When I get those uncertainties I keep reminding myself that there *is* an expert I can listen to infallibly--my child. Just like with breastfeeding her when she was younger, I can tune into her needs and never go wrong, even though that is infinitely easier and simpler than the mainstream approach. What lights her up? That's where her learning is. That's what I keep bringing myself back to, and it's like coming back home.

(Defending that choice to those in the mainstream--that's another whole ball game! We're going to a faculty gathering tonight and I am not looking forward to the cross-cultural exchanges! But then again I've been a freak in their eyes since we started doing the AP thang anyway, and our tandem nursing was the signal that we were way beyond the bend. :LOL )

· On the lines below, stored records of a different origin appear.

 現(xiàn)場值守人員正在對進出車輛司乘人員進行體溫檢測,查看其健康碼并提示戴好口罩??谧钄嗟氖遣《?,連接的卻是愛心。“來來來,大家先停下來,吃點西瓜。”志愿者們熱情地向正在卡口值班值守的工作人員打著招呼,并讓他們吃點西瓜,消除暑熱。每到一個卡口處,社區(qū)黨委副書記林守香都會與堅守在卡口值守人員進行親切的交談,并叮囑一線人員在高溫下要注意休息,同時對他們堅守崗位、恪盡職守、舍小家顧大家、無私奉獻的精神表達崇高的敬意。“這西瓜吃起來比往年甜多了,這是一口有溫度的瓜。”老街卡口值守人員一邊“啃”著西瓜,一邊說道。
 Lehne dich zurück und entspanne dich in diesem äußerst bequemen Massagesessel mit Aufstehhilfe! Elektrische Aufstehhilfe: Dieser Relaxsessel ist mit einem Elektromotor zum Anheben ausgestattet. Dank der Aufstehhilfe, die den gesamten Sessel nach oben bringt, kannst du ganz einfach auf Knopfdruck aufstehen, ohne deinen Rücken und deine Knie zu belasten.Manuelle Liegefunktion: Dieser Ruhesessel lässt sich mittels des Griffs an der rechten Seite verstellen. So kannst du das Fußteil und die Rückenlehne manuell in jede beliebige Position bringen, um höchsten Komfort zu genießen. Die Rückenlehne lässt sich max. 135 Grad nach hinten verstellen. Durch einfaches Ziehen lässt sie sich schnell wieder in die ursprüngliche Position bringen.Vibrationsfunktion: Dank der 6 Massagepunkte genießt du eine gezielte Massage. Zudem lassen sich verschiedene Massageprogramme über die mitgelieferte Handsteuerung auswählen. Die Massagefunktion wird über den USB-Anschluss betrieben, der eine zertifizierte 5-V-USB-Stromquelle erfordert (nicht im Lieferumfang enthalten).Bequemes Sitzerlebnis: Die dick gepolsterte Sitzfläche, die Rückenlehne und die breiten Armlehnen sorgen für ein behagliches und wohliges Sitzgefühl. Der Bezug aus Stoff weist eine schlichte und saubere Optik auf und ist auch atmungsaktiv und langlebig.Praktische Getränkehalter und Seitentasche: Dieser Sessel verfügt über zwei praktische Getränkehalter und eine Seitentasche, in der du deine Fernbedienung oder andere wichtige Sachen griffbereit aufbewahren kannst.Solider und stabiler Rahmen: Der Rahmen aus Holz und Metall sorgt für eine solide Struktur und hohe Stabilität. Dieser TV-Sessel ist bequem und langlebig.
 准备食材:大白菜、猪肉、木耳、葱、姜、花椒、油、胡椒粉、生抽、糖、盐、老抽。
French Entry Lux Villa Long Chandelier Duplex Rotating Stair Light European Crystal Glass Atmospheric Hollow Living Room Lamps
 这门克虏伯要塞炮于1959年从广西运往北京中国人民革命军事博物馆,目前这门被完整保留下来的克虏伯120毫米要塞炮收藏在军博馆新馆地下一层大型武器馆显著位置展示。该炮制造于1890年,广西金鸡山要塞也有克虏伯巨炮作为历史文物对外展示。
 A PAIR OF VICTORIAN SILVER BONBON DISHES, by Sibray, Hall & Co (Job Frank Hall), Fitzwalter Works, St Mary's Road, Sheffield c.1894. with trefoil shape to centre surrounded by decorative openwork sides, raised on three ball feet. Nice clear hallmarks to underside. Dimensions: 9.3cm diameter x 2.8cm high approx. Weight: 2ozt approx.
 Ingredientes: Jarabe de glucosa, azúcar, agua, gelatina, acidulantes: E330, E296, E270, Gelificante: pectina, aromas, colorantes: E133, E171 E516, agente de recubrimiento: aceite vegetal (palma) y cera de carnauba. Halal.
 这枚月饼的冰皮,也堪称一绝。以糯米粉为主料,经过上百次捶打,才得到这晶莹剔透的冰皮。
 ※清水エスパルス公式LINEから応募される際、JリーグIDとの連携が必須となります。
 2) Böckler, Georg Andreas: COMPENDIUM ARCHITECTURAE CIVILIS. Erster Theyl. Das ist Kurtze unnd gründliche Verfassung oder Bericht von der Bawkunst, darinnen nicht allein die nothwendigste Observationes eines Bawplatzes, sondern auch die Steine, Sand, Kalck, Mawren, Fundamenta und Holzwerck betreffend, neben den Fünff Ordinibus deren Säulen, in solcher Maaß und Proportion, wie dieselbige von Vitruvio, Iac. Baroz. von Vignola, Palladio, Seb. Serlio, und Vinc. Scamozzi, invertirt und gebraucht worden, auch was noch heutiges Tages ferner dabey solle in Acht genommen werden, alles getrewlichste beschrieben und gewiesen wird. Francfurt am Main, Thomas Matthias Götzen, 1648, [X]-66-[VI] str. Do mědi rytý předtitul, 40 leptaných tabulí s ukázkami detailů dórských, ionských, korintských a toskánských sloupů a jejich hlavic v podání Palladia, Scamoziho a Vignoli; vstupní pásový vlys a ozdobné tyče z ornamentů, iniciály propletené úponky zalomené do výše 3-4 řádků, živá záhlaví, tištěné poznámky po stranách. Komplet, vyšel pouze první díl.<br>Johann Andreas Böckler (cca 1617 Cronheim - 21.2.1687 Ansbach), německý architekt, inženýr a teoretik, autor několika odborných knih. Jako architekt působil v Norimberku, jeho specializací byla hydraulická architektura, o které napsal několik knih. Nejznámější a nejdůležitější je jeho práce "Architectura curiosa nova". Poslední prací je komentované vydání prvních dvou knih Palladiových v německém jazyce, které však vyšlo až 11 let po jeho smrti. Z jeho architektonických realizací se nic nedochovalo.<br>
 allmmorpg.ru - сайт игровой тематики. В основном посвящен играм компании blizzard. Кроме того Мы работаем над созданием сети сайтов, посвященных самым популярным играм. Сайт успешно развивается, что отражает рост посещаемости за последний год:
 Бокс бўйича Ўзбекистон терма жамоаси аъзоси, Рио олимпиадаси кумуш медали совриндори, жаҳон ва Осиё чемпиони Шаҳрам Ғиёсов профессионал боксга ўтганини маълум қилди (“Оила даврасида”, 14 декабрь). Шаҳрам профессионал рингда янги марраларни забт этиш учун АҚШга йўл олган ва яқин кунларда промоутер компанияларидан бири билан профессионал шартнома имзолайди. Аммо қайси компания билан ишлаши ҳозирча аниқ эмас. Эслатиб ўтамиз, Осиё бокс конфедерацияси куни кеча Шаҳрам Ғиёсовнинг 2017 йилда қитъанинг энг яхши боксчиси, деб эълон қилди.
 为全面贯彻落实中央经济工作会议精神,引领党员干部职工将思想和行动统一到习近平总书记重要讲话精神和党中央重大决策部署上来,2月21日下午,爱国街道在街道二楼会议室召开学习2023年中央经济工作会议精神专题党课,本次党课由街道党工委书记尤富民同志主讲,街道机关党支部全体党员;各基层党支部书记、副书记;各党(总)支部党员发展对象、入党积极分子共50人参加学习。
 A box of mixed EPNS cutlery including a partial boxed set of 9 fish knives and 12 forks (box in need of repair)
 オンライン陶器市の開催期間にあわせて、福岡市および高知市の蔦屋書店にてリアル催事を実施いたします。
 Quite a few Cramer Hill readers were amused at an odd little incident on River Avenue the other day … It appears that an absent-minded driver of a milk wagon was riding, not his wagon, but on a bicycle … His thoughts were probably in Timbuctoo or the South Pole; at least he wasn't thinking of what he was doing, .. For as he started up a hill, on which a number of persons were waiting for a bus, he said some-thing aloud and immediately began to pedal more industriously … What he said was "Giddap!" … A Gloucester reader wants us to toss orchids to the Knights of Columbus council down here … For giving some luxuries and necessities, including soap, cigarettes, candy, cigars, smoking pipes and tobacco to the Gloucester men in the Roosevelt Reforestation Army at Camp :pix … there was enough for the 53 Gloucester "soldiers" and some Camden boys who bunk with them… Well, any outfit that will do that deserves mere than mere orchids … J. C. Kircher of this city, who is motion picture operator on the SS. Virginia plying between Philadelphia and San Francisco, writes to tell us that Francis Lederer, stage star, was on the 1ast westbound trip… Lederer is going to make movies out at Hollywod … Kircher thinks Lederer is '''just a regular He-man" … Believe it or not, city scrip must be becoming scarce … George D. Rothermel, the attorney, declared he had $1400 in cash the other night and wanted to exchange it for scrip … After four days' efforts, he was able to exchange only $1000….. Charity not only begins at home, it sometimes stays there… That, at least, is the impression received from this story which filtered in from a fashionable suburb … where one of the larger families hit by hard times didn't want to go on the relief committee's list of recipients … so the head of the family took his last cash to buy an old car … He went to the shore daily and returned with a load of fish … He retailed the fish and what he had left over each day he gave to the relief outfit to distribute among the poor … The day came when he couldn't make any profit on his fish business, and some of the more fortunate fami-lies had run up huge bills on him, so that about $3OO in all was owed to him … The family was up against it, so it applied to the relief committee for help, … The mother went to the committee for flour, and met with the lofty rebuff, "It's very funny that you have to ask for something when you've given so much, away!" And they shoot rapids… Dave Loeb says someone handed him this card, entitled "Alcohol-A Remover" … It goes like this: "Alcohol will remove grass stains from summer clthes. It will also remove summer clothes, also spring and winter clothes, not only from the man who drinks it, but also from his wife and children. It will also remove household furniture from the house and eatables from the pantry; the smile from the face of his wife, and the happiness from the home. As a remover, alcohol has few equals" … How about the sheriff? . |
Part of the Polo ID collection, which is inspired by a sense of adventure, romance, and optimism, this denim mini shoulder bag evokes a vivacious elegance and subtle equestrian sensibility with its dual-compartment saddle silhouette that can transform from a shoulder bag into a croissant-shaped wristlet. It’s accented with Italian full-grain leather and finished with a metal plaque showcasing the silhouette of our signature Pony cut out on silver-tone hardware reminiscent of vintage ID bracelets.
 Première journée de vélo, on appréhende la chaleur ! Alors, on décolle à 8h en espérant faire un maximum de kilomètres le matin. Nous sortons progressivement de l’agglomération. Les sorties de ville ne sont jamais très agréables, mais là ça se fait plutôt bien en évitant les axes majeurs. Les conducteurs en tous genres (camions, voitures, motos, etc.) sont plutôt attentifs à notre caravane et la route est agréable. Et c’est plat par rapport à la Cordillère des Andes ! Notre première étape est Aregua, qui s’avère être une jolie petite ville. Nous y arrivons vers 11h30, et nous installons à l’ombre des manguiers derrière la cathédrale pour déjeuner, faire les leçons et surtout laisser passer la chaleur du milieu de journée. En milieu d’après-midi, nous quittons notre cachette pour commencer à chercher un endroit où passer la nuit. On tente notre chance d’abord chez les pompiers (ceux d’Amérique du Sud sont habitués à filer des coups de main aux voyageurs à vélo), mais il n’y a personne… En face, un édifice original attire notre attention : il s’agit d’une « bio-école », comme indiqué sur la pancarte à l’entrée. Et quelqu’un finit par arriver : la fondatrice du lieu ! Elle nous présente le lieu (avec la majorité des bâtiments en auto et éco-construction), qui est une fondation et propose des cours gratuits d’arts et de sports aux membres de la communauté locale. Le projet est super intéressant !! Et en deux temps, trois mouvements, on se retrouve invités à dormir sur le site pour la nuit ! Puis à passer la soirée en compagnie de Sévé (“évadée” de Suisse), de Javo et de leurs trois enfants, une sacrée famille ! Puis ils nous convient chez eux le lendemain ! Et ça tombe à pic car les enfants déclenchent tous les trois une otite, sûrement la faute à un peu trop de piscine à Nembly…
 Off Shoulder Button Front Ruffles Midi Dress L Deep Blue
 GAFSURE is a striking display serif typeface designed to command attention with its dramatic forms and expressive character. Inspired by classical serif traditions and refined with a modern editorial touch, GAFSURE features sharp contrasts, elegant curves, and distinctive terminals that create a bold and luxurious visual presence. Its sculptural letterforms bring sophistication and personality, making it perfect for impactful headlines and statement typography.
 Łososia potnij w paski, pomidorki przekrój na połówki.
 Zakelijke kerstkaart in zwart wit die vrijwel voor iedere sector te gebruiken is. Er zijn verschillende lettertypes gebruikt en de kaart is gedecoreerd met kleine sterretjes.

I appreciate the BTDT moms like Dar who can help corroborate this rather revolutionary approach to learning, just like all those moms who helped me trust my child with breastfeeding!
post #9 of 13
Originally posted by NoraJadesMama
I appreciate the BTDT moms like Dar who can help corroborate this rather revolutionary approach to learning

Heh, I know you meant Dar, but that happens to be my nickname too!

post #10 of 13
DaryLLL, you're the best!

post #11 of 13
My full name is Daron, although I've been Dar online for years and years... I did have a RL woman friend named Daryl for a while, but I've never met another woman named Daron.

post #12 of 13
Thanks, NoraJade, but to what do I owe the honor?!!

Dar, thanks for the explanation!
post #13 of 13
DaryLLL, I see your good works on the breastfeeding boards particularly!